It is important to note that, compared with 2024 results, the coverage expanded from 28 to 35 banks, and the grouping structure also changed: last year’s sample comprised 17 large and 11 small banks.
The index is based on 27 ratios in accordance with Basel Committee requirements and allows analysis against average nationwide benchmarks.
The methodology for calculating the index rests on a set of indicators, including asset growth, loan-portfolio dynamics, profitability, liquidity and operational resilience, which together provide a comprehensive analysis of banks’ activity and enable assessment of competition and efficiency within the sector.
In line with the classification regulations, from 2025 the composition of the large-bank group was amended. Thus, Davr Bank, Tenge Bank and Anor Bank were reclassified as large banks.
Under the established criteria, a bank is considered large if its assets amount to at least 1% (approx. $5.4 bln) of the total assets of the banking system — equivalent to 7 trln sums — and if it has branches or service offices in at least one-third of the country’s regions. Banks not meeting these requirements are classified as small.
Among large banks in Q1 2025, Kapitalbank retained its leading position, while Hamkorbank rose from fourth to second place, improving its financial-intermediation, asset quality and management scores. Asia Alliance Bank held third place, demonstrating stable performance.
Among the newcomers in the large-bank category, Anor Bank confidently entered the top five in fourth place. Meanwhile, Trast Bank, which fell by three spots, closed out the overall top five.
It is also worth noting that SQB climbed one position, while Aloqa Bank and Business Development Bank maintained stable rankings.
Several banks showed significant declines. Of the 20 large credit institutions, most exhibited negative dynamics and failed to hold their positions.
In particular, NBU and Mikrokreditbank each dropped six positions. Invest Finance Bank lost four positions, while Orient Finance Bank, Ipoteka Bank and Agrobank each slipped two places. Ipak Yo‘li Bank and Xalq Bank showed more moderate declines of one position each.
Mikrokreditbank’s six-position fall was driven by a marked deterioration in capital adequacy (–10 pts) and asset quality (–6 pts). Such shifts underscore the need to strengthen internal financial resilience and adopt a more balanced risk-management strategy.

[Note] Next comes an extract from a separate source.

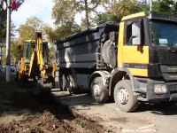 Старые бордюры демонтируют и сразу начинают готовить траншеи к укладке новых.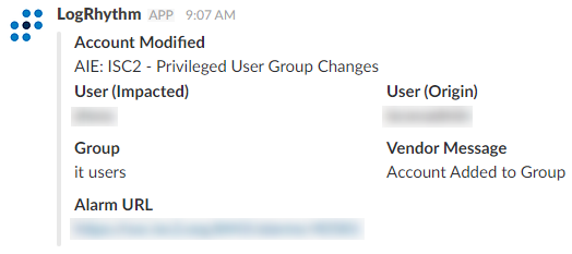 These are some examples/quick guide on how to send Slack Webhooks from LogRhythm AIE alarms.

Assessment of the Sustainability and Efficiency of Uzbekistan’s Banking Sector
Across a number of indicators characterizing sustainability and operational efficiency, large market participants saw negative dynamics in Q1 2025.
In financial intermediation (loans-to-deposits ratio, obligations to other banks and to state bodies), Turon Bank registered the sharpest drop (–8 positions). Asaka Bank and Business Development Bank each fell by two positions.

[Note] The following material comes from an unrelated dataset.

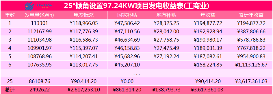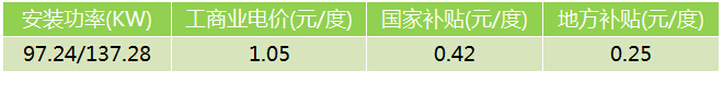 系統(tǒng)25度傾角設(shè)置時(shí),采用鍍鋅鋼支架,系統(tǒng)安裝組件374塊,配置30KW逆變器3臺(tái),并網(wǎng)接入柜1臺(tái),安裝容量為97.24KW。市場(chǎng)單價(jià)約為8.2元/W,項(xiàng)目總價(jià)約為79.74萬(wàn)元。

In financial inclusion (clients per branch, loan concentration, and private-sector lending volume), the steepest decline was at Trast Bank (–5 positions), followed by Asia Alliance Bank, Invest Finance Bank and Ipak Yo‘li Bank (–4 positions each).
Asset quality remains a key focus. By return on assets (ROA) and non-performing-loan (NPL) share, Ipoteka Bank stays in the bottom 20 of the ranking. Mikrokreditbank (–6 positions) and Business Development Bank (–5) also saw large drops, while Kapitalbank, Trast Bank, Turon Bank and Agrobank each fell by three positions. These changes signal persistent pressure on asset quality, requiring measures to bolster credit-portfolio resilience and risk management.
Profitability and operational-efficiency indicators also showed downward trends. In profitability (net interest income vs. interest expenses, non-interest-income share), Agrobank fell into the bottom 20. Negative adjustments also affected Xalq Bank (–3), Aloqa Bank, SQB, Turon Bank and Asaka Bank (–2 each).
In management efficiency (profit per employee, operating expenses, non-interest-income scale), Asaka Bank led the declines (–7), followed by Invest Finance Bank (–6), and Trast Bank and Xalq Bank (–4 each). Mikrokreditbank dropped four positions, placing it in the bottom 20 for this component.
In liquidity (highly liquid-asset ratio, LCR, NSFR), Turon Bank fell four positions into the bottom 20. Notable declines were also seen at Aloqa Bank (–7) and NBU (–5).
Following this reassessment, four banks — Saderat Bank, Uzum Bank, Apex Bank and Smart Bank — were reclassified as small financial organizations.
Among Uzbekistan’s 15 small banks in Q1 2025, seven improved their standings; the only bank to lose a position was Octobank.
The best result came from Hayot Bank, which climbed eight places to rank second among small banks. Also in the leaders were TBC — which improved on key metrics such as intermediation, asset quality, management and profitability to place third — and Universal Bank, which retained first place by enhancing its financial-intermediation and profitability figures.
By capital-adequacy, UzKDB Bank improved by five points and Garant Bank by one. Other small banks showed declines in this indicator, emphasizing the need to further strengthen capitalization and resilience.